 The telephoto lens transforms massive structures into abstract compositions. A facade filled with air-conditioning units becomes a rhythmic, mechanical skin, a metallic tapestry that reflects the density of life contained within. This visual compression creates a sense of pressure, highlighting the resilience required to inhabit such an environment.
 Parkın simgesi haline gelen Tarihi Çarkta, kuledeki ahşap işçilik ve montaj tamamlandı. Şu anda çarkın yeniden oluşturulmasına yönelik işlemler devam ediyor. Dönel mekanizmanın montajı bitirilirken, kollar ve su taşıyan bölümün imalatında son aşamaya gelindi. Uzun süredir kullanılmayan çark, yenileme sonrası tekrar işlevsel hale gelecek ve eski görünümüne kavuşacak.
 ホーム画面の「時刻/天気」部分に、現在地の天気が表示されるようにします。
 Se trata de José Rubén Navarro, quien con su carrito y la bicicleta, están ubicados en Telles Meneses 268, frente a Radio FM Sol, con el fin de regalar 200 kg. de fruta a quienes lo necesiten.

---

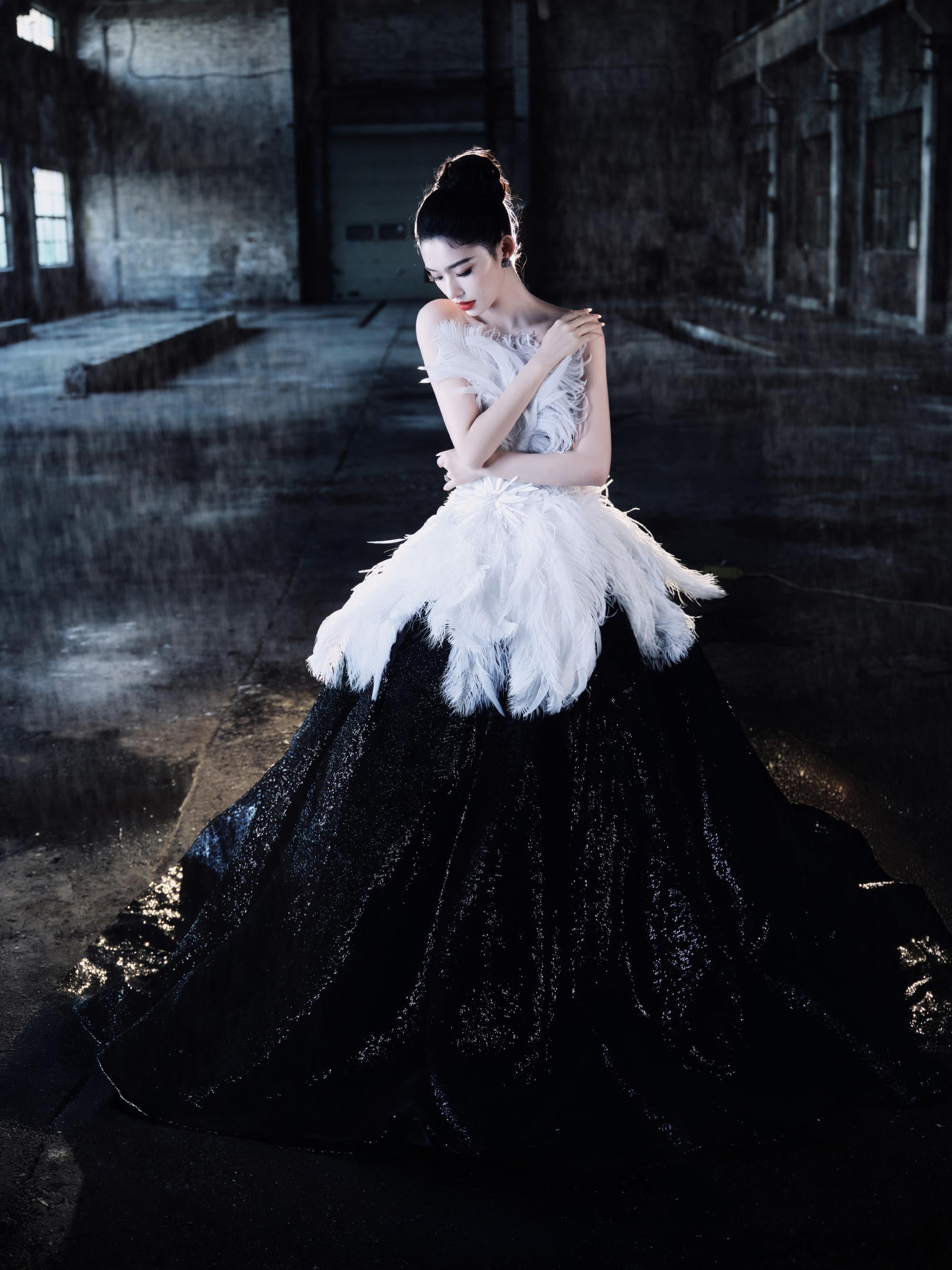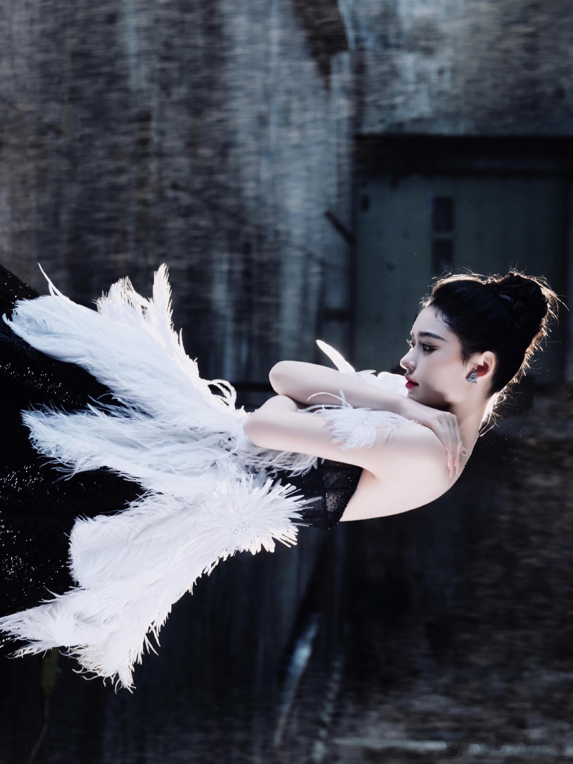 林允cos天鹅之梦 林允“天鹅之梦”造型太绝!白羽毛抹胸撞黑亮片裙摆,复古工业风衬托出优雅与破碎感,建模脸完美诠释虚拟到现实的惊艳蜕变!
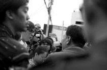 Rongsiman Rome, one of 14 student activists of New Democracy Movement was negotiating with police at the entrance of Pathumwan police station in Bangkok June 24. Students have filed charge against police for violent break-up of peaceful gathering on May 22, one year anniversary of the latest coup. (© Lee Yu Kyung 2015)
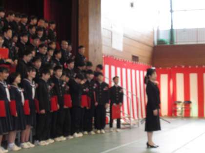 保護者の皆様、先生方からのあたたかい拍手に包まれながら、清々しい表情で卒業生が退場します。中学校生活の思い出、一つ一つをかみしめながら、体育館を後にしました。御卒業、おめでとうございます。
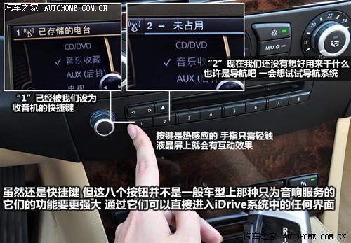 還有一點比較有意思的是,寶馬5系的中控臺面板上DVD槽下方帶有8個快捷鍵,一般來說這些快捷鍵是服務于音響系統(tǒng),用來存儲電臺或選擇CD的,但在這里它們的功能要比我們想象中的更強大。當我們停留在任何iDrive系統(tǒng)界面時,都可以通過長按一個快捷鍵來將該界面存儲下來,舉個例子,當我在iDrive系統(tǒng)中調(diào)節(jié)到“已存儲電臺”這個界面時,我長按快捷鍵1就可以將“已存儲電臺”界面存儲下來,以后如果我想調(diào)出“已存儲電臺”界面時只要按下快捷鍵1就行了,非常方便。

* * *

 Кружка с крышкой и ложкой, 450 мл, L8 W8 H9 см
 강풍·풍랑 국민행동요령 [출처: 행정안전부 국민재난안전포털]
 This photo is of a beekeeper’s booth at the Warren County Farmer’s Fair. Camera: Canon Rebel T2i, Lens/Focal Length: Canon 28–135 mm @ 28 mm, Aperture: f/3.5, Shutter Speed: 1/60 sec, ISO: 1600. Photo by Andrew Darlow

TASK DESCRIPTION: Reproduce only the lines above, starting at the line with "ホーム画面の「時刻/天気」部分に、現在地の天気が表示されるようにします。" and ending at the line with "Se trata de", exactly as written.

RESULT BELOW:
 ホーム画面の「時刻/天気」部分に、現在地の天気が表示されるようにします。
 Se trata de José Rubén Navarro, quien con su carrito y la bicicleta, están ubicados en Telles Meneses 268, frente a Radio FM Sol, con el fin de regalar 200 kg. de fruta a quienes lo necesiten.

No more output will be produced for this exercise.